### WHAT THE TASK REQUIRES
Below are some records. Retype exactly the lines from the one containing "Kljub hitremu posegu" through the one containing "優勝した中央さつきクラブ", both included, skipping every picture.

### PROVIDED INFORMATION
=== Begin Enclosure ===

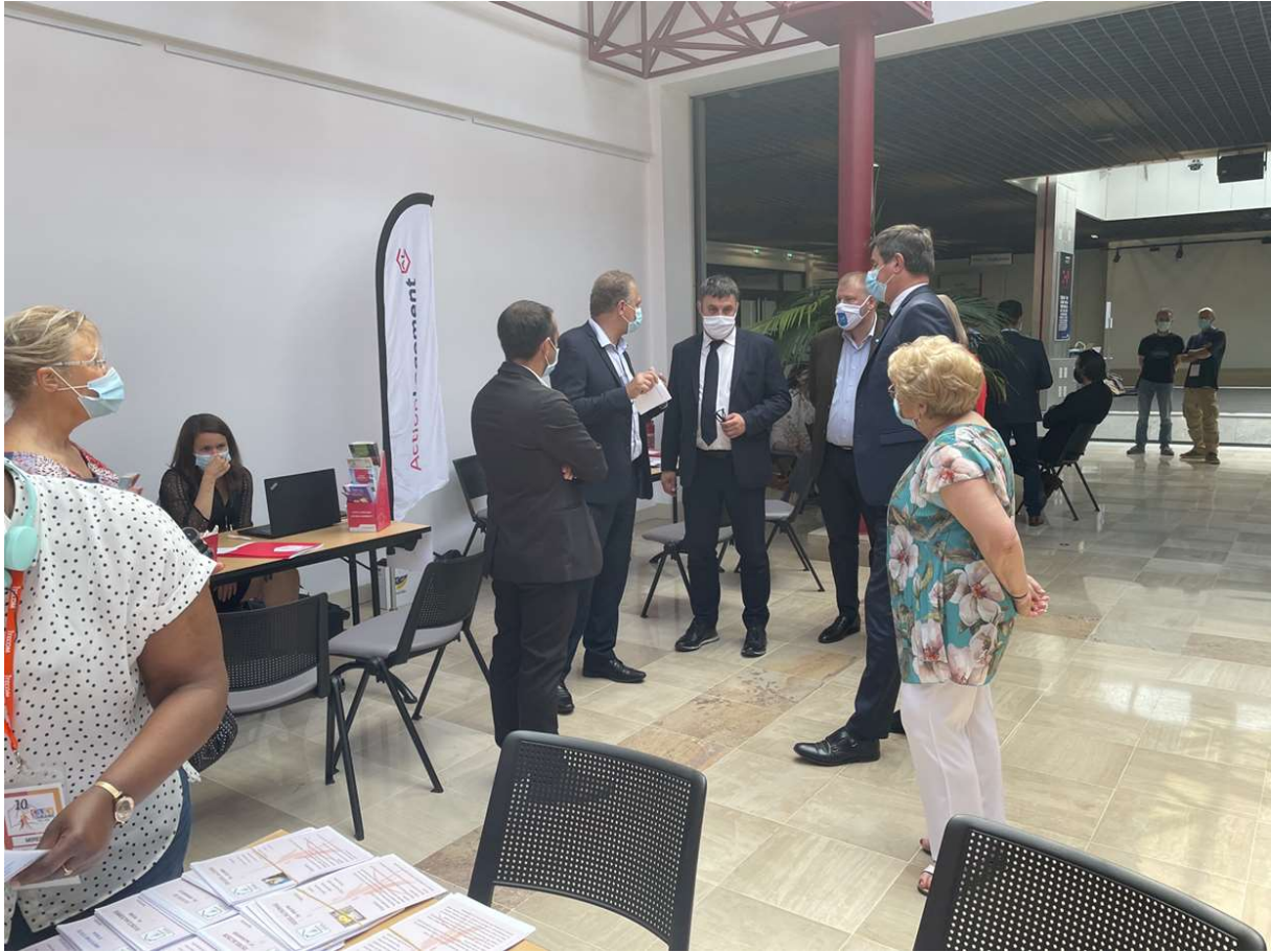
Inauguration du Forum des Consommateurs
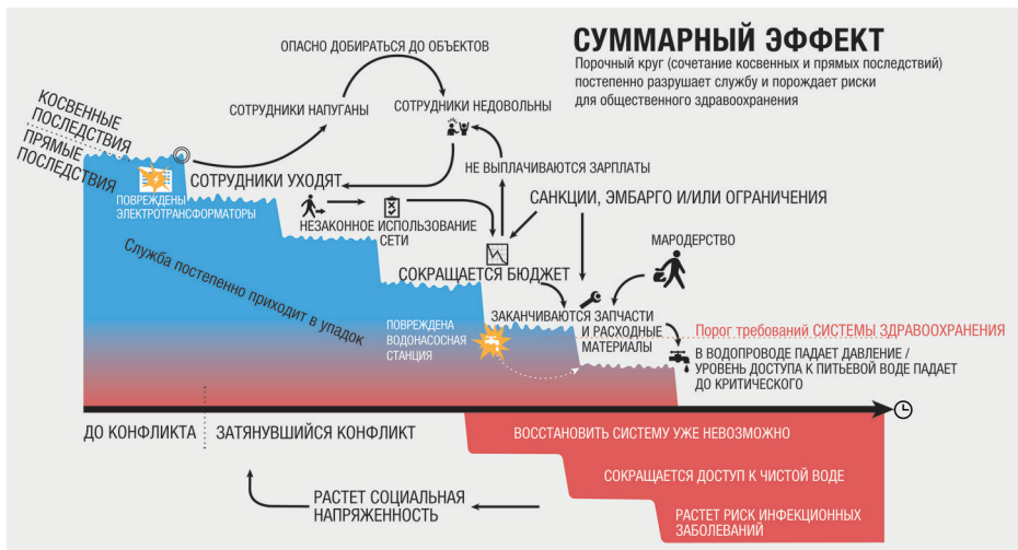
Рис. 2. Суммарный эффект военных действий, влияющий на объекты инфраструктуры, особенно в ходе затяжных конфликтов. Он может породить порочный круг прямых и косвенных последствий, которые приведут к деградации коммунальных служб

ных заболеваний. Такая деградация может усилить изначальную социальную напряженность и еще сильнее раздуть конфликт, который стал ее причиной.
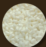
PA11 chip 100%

=== End Enclosure ===
=== Begin Enclosure ===

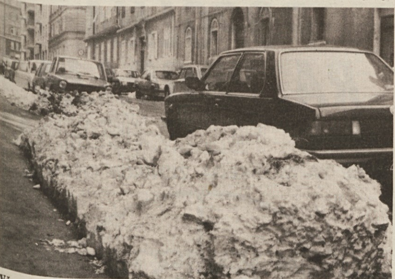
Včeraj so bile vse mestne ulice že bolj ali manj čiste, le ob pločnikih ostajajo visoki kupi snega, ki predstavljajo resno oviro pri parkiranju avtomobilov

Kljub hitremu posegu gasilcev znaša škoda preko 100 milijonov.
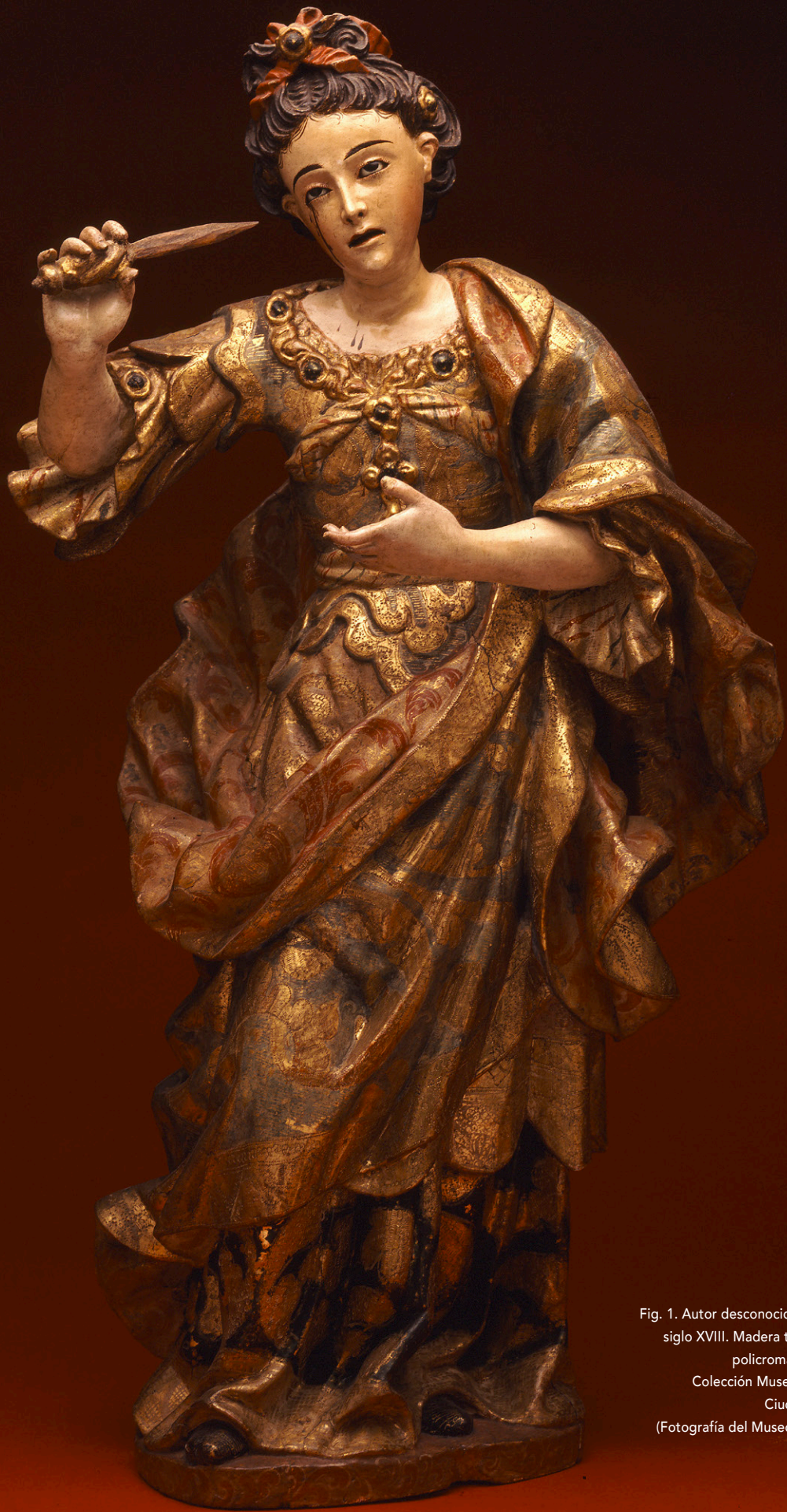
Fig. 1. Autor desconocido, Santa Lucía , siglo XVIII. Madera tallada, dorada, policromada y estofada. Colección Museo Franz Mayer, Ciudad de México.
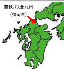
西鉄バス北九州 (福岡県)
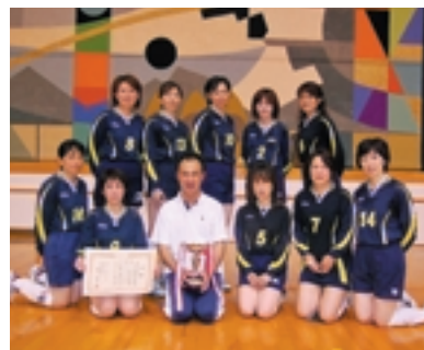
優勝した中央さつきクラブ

=== End Enclosure ===

### OUTPUT BELOW
Kljub hitremu posegu gasilcev znaša škoda preko 100 milijonov.
Fig. 1. Autor desconocido, Santa Lucía , siglo XVIII. Madera tallada, dorada, policromada y estofada. Colección Museo Franz Mayer, Ciudad de México.
西鉄バス北九州 (福岡県)
優勝した中央さつきクラブ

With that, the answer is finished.